Con cerca de 81.593 damnificados sólo en Cundinamarca, costos de emergencia mayores a 11.105 millones de pesos y un total de 296.372 millones de pesos que se fueron en reparaciones e infraestructura, según Colombia Humanitaria, La Niña del 2010-2011 puso en vilo a la nación.
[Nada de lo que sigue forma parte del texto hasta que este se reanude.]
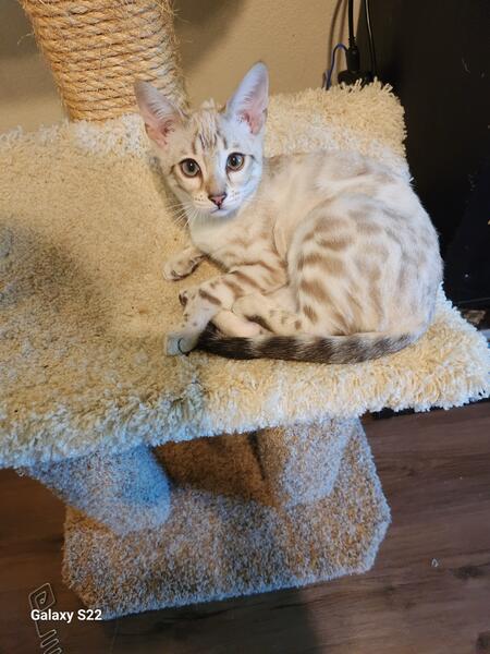 message sjmtclfjzos about this ad have 2 girls 1 blue rosettes who is almost 2 weaned her litter 3 weeks ago looking forva stud soon for her other is my Snow Lynx who is only 9 months now so looking for spring 26 . Not picky about the blue who she studs with but my snow i would live him to either be snow or carry snow her genetic is coming next week. |

Incluyendo a la comunidad de Teusacá que, por ejemplo, a la altura del condominio La Pradera, vio cómo se inundaron todas sus casas.

Sergio Arturo Piñeres, Ingeniero Civil de la Universidad Javeriana y ex director de Distritos de Riesgo, se enfocó en explicar cuáles son las particularidades de la subcuenca del río Teusacá. Es decir, la segunda parte de la fórmula que había planteado Lozano, “cómo estoy expuesto ante el fenómeno”.

“La cuenca del río Teusacá es una subcuenca del río Bogotá y está dividida en dos condiciones geomorfológicas: una pendiente y otra plana”, explicó. Aspecto que es importante conocer ya que dependiendo de la inclinación de la cuenca el tipo de “catástrofe” cambia. Cuando es pendiente, como sucede con el 40% de la cuenca, se es susceptible a una venida torrencial que crea una emergencia rápida, pero agresiva. En cambio, cuando está en un territorio plano, como sucede con el otro 60% que es el Valle de Teusacá, se va generando una inundación lenta y prolongada, por lo que a pesar de tener menos riesgos para las personas, sí representa mayor impacto económico negativo.

Para prepararse, entonces, el ingeniero sugirió pensar en un ordenamiento ambiental donde el eje central sea la visión de cuenca. El problema, sin embargo, es que esto representa un reto administrativo. La cuenca atraviesa distintos municipios y habría que articular a sus líderes para lograr un trabajo real. De hecho, explica, 33% pertenece a La Calera, 27% a Sopo y Guasca e, incluso, un 7% está en Bogotá. Esto sin contar con que Chía, Ubaque, Choachí y Tocancipa tienen un área en la desembocadura.

A partir de la experiencia del mes de abril de 2011, donde las lluvias en la región estuvieron 405% por encima del promedio y el ingeniero estuvo al frente de la CAR (Corporación Autónoma Regional de Cundinamarca), Piñeros sugirió a la comunidad tener en cuenta estas recomendaciones: crear un comité de gestión del riesgo de la cuenca con una finalidad preventiva, valorar la incorporación de la gestión de riesgo en los POT, identificar los actores institucionales y la sociedad civil, analizar la creación de una asociación de municipios de la cuenca del Teusacá, delimitar las rondas del río y fijar los nuevos escenario de inundación hidráulica.

Unas primeras recomendaciones que no solo serían útiles para esta comunidad, sino para todas aquellas que quieran empezar a tomar acciones. Porque, si algo quedó claro, es que no hay que esperar a que madure La Niña para prepararse.